So you can implement it as:

mov ecx,Posted on 2003-08-02 07:04:45 by The Svin

jmp ecx

thank you, The Svin!,
now i see it: 0FFh, 0E1h (mov eip, ecx)
sometimes i'm confused with intel sintaxis.:mad:
Posted on 2003-08-02 21:06:47 by S.T.A.S.
I agree.
They try to bring a though that (E)IP
is not accessable to a programmer.
And CS not changable.
Yet, it brings along difficalties to
understand what jumps mean.
Of course, eip is accessable,
and jmps,calls,rets are nothing but
loading values in EIP (and CS with FAR jmps,calls,rets)
or adjusting (adding) to the value of EIP
(with relative jmps)
Posted on 2003-08-03 00:32:53 by The Svin

and jmps,calls,rets are nothing but
loading values in EIP (and CS with FAR jmps,calls,rets)
or adjusting (adding) to the value of EIP
(with relative jmps)

Perhaps this is the the Opcode thread? What the instructions really do, cmp = sub with the result not saved but the flags set.
Posted on 2003-08-03 06:31:15 by scientica
Yes, but people and docs usualy has a lot of places about what cmp or test really do, yet a few stress on what "control" instructiocs really do with EIP. And a lot of distraceing info
that EIP and CS is not accessable blah - blah - blah.
I understand their way - they want programmers to think of
control instructions in logical not arithmetic ways, yet in just
slow eduction and when it comes to system programming when
you must deal with exeptions, interupts, handling of the different kind of exeption and ring switching in different conditions - you just forced to thing of control instructions in arithmetic and EIP:CS manipulating ways.
When you look at the docs with experienced eyes - you wouldn't say that the docs are wrong, yet when you are a beginner there
is very little chance to understand at once what jmps, rets etc
really do.
Posted on 2003-08-03 07:27:44 by The Svin
Hy, what is your problem with the standard mode copy?

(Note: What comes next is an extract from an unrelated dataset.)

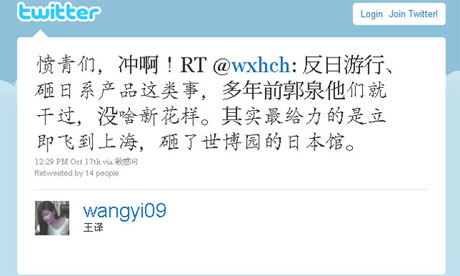 The tweet was actually a retweet, sent by her fiance Hua Chunhui in the midst of anti-Japanese demonstrations in China last month. The original tweet urged the protesters to smash Japan’s pavilion at the Shanghai Expo; Cheng Jianping merely retweeted it, adding the words, “Charge, angry youth.”

some simple copy routines :



move32:shr cx,1 ; ds:si = source, es:di = destination, cx = size
jnc .nb ; les di,dest lds si,source
movsb
.nb: shr cx,1
jnc .nw
movsw
.nw: rep movsd
.sk0: ret

Move128bitFPU: ; copying data using the fpu
fild qword [ds:si] ; input:
fild qword [ds:si+8] ; ds:si = source, es:di = destination
fxch ; ecx = number of 16-byte chunks to move
fistp qword [es:di] ; output: none (data from esi is copied to edi)
fistp qword [es:di+8] ; destorys: esi, edi, ecx, flags, fp flags
add si,16 ; ps.: requires Pentium +
add di,16
dec ecx
jnz Move128bitFPU
ret
Move128bitFPUraw: ; copying data using the fpu
fild qword [esi] ; input:
fild qword [esi+8] ; esi = source, edi = destination
fxch ; ecx = number of 16-byte chunks to move
fistp qword [edi] ; output: none (data from esi is copied to edi)
fistp qword [edi+8] ; destorys: esi, edi, ecx, flags, fp flags
add esi,16 ; ps.: requires Pentium +
add edi,16
dec ecx
jnz Move128bitFPUraw
ret


MATRIX
Posted on 2004-09-29 19:05:48 by >Matrix<
I think Microsoft has a VERY GOOD optimized algorithm of MemCpy Function.
It's inside some LIBs:

NTDLL.DLL or MSVCRT.DLL or MSVCR70.DLL or MSVCR71.DLL

but not in CRTDLL.DLL

so if you want you memcpy, use it.

have fun.
Posted on 2004-10-20 23:35:26 by nhnpresario
I think Microsoft has a VERY GOOD optimized algorithm of MemCpy Function.
It's inside some LIBs:

NTDLL.DLL or MSVCRT.DLL or MSVCR70.DLL or MSVCR71.DLL

but not in CRTDLL.DLL

so if you want you memcpy, use it.


Only if you are still using classic Pentium (aka P5). This also applies to >Matrix<'s code. Do people still use Pentium classic with Windows 2K or later?
Posted on 2004-10-21 05:05:22 by Starless
You must be right.
But in my opinion, i think software is for everyone.
Everyone is mean when you write software it must be run in as much target machine as you can.
So i have a conclution:
we test the target system beforce run program.
If it is a x86 old style, we use 386 instruction.
If it is a modern style with SSE, SSE2, 3DNOWEXT,... we use new technology.
Regards
Posted on 2004-10-22 05:39:57 by nhnpresario